In the interview, her son, Semaj, describes riding a bus to the airport and using a man’s name he overheard on a Seattle-Tacoma International Airport loudspeaker page to get a boarding pass from Southwest Airlines, according to a press release issued Tuesday by the program.
Southwest Airlines spokeswoman Beth Harbin said she hadn’t heard about Semaj obtaining a passenger’s name from a loudspeaker page.
Booker’s lawyer, Brett Purtzer, said the mother was considering a lawsuit against Southwest Airlines.
The boy tried to run away to Dallas on Jan. 15 because he disliked Washington and wanted to be with his grandfather. After being stopped by airline employees in San Antonio and held in a home for runaways in Bexar County, Texas, the boy is back with his mother.
He faces charges in connection with a high-speed chase in a stolen car on Highway 512 the day before his airline escapade.

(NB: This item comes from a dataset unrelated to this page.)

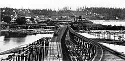 The most difficult part of building the line was the trestle ran south from the King Street Coal Wharf, carrying trains through the tide flats that would later be filled to form Seattle's Industrial District. Joe Surber sunk numerous piles into the flats, using his pile driver. The resulting trestle was short-lived, though: shipworms attacked the pilings, and this portion of the line had to be replaced by the successor Columbia and Puget Sound Railroad less than five years after it was initially built.[16]

The boy is accused of stealing a 1986 Acura from his neighbor in Lakewood and leading police on a chase at speeds of up to 80 mph, according to charging documents.

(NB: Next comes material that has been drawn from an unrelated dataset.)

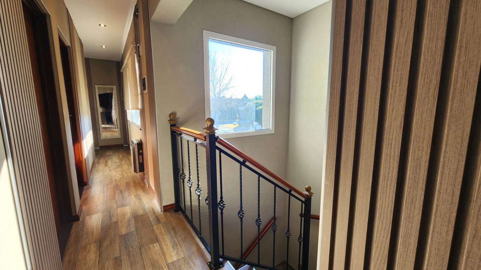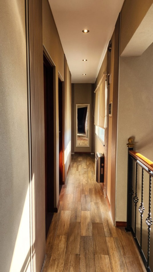 En la planta alta se desarrolla la zona íntima, compuesta por tres dormitorios. El principal es en suite y cuenta con vestidor, baño completo , sala de estar recreativa previa al dormitorio y amplios ventanales que aportan gran luminosidad. Los otros dos dormitorios son espaciosos, con placares empotrados y vistas al Jardín, comparten un baño completo con antebaño.

Afterward, police tried to place the boy at Remann Hall juvenile jail in Tacoma and at a Child Protective Services facility, but both places turned him down because of his age, according to Lakewood police. He was returned to his mother that night.
“We do intend to proceed with the criminal charges that have been filed related to the incident on Jan. 14,” said Fred Wist, chief prosecutor for Pierce County’s juvenile division.

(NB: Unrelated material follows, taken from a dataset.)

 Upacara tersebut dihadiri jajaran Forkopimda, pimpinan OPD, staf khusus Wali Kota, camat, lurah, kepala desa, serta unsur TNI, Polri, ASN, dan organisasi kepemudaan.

On Jan. 15, the fourth-grader managed to talk his way onto two flights, from Seattle to Phoenix and then to San Antonio.
Southwest Airlines said Semaj presented himself as a 12-year-old, and therefore would not have been listed as an unaccompanied minor. He requested a boarding pass, saying his mother was already in the boarding area.
Because he’s younger than 18, he didn’t have to show identification to get through airport security.
The boy was finally stopped by Southwest Airlines employees at San Antonio International Airport while trying to board a flight to Dallas because he did not have information that matched a reservation, officials said.
Southwest Airlines is still investigating what happened, Harbin said.